Joseph W. Roberts
Joseph W. Roberts (Ph.D., University of Utah) is Professor and Chair of Politics and International Relations at Roger Williams University in Bristol, Rhode Island. Professor Roberts teaches international relations, comparative politics, and sustainability in addition to courses in his specialty area of Middle Eastern politics, political violence, and ethnic conflict.
He has served as Treasurer and President of the Political Science Education section of APSA. He currently serves at the Chair of the International Studies Association Professional Development Committee and served as the inaugural Chair of the Education and Learning in International Affairs Section (ELIAS).
Professor Roberts served as the Political Science Instruction Editor for the Journal of Political Science Education. He is currently co-editing The Elgar Encyclopedia of Teaching and Pedagogy in Political Science with Dan Mallinson and Julia Marin Hellwege. Dr. Roberts has published widely including articles in Periodica Islamica, European Political Science, and PS: Political Science and Politics.
Dr. Roberts has received numerous awards for his research and teaching including a National Endowment for the Humanities Fellowship at the East-West Center in Honolulu, HI in 2017, an inaugural Oman Alwaleed Fellow for the National Council on U.S.-Arab Relations (2015-2016), and the RWU Fulbright-Hays Egypt Fellowship in July 2011.

James M. Curry
James M. Curry (Ph.D., University of Maryland) is a Professor of Political Science at the University of Notre Dame. His research centers on U.S. politics and policymaking, with a focus on the U.S. Congress.
Dr. Curry is the author of three books: Legislating in the Dark (2015), The Limits of Party (2020, with Frances E. Lee), and Understanding American Legislatures (2025). His research has been published in the American Political Science Review, the Journal of Politics, Perspectives on Politics, and more. His work and writings have appeared in the New York Times, Washington Post, The Atlantic, and elsewhere.
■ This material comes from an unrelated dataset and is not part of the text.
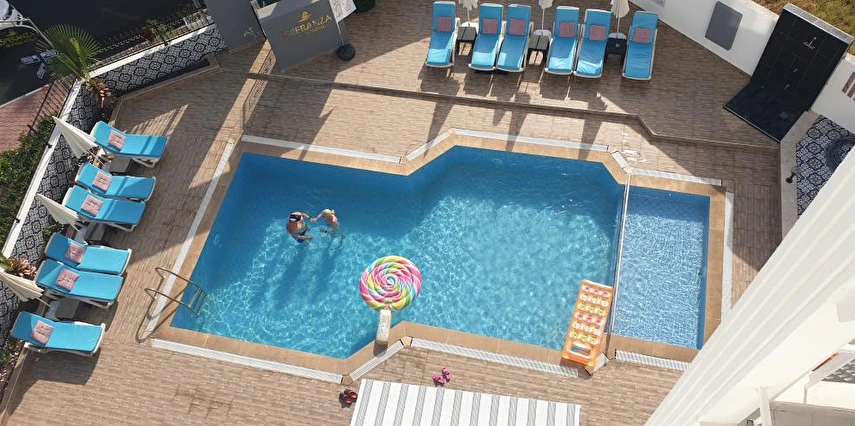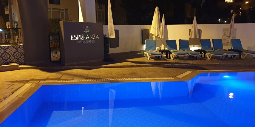 Modern dekorasyonu ve doğal güzellikler arasındaki konumu ile dikkat çeken Esperanza Hotel plaja alternatif olarak misafirlerine açık yüzme havuzu ile hizmet veriyor. Havuz etrafında şezlong ve şemsiyeler mevcuttur. Sahile 500 metre mesafede yer alan tesiste, her sabah farklı lezzetlerle dolu açık büfe kahvaltı servis ediliyor. Türk ve dünya mutfakların lezzetlerinin tadına bakmak isteyen misafirler, tesise yürüme mesafesinde bulunan restoranlara rahatça ulaşabilir. Modern dekorasyonu ve doğal güzellikler arasındaki konumu ile dikkat çeken Esperanza Hotel, plaja alternatif olarak misafirlerine açık yüzme havuzu ile hizmet veriyor. Havuz etrafında şezlong ve şemsiyeler mevcut. Sahile 500 metre mesafede yer alan tesiste, her sabah farklı lezzetlerle dolu açık büfe kahvaltı servis ediliyor.
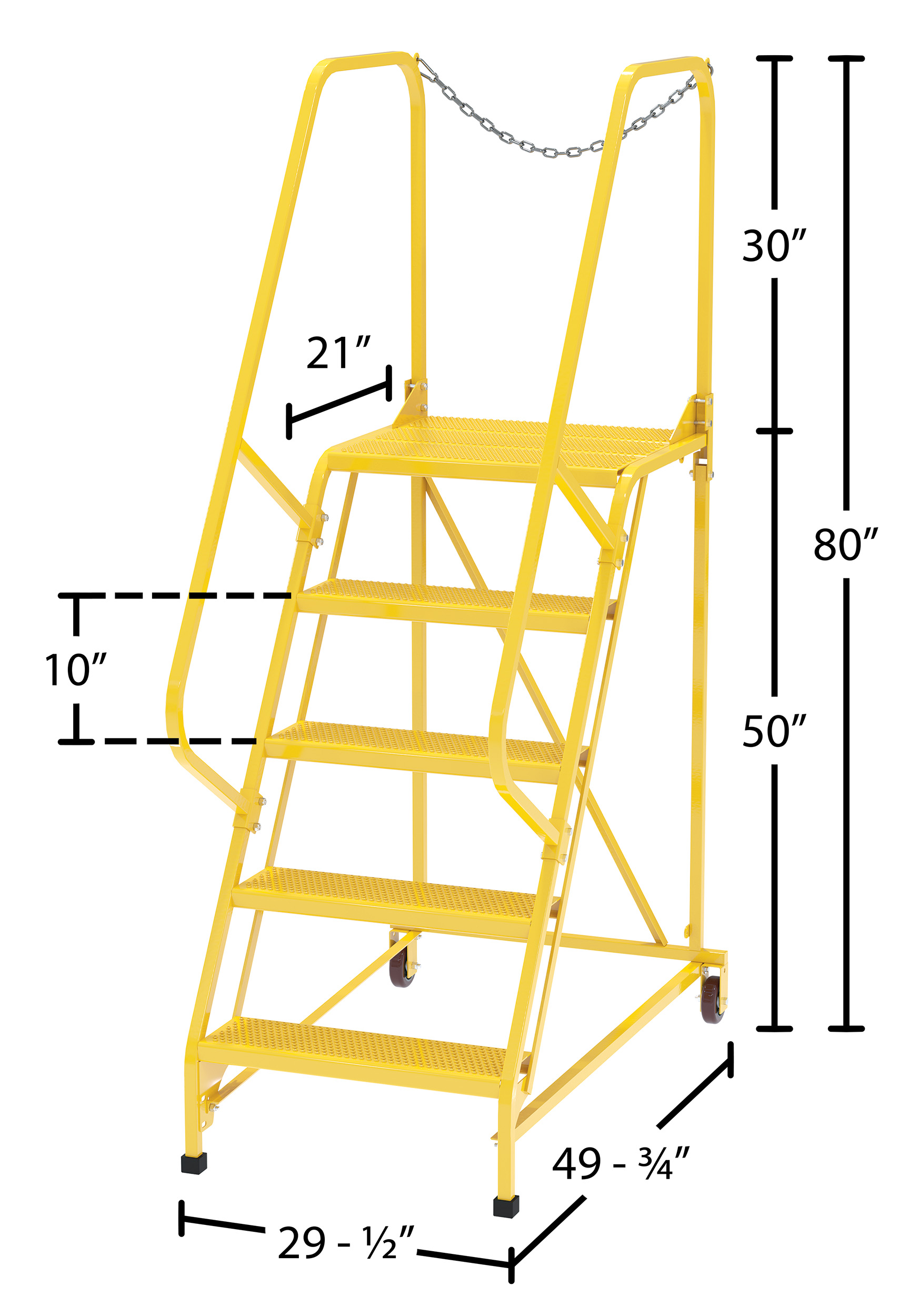 Top Step Height (in.): 50 Hand Rail Height (in.): 30 Top Platform Length (in.): 21

He has also provided testimony to the U.S. House of Representatives.

Jamil Scott
Jamil Scott (Ph.D., Michigan State University) is an Assistant Professor of Government at Georgetown University. She is a past recipient of the King-Chavez Park Future Faculty Fellowship and a co-PI on a grant from the New America Foundation.
Her research studies political behavior among both political elites and the mass public in the United States, with a particular focus on how race and gender impact participation in civic life, including running for office, voting, and broader political engagement. Her work has published in Politics, Groups, and Identities, American Politics Research, and the Journal of Race, Ethnicity, and Politics.
Dr. Scott is currently working on a book-length manuscript exploring Black women’s political emergence in state-level politics. She also serves as a co-director of the Georgetown GREP Lab.

Holley Hansen
Holley Hansen (Ph.D., University of Iowa) is a Teaching Associate Professor in the Department of Political Science at Oklahoma State University. Her research focuses on communal conflict, political violence, ethnic politics, conflict management, and democracy. Her recent work examines right-wing terrorism in the United States, United Nations peacekeeping and terrorism, and the role of women in post-conflict transitions. Her research has been published in Conflict Management and Peace Science, the Journal of Conflict Resolution, and International Interactions.
She is also highly engaged in service to the department, university, and the broader scholarly community. Dr. Hansen previously served as President of the International Studies Association Midwest Region (2025) and Chair of the APSA Committee on the Status of First Generation Scholars in the Profession (2023-2024), and was elected as a Member-at-Large to the ISA Governing Council (2025-2027) and Executive Committee (2025-2026).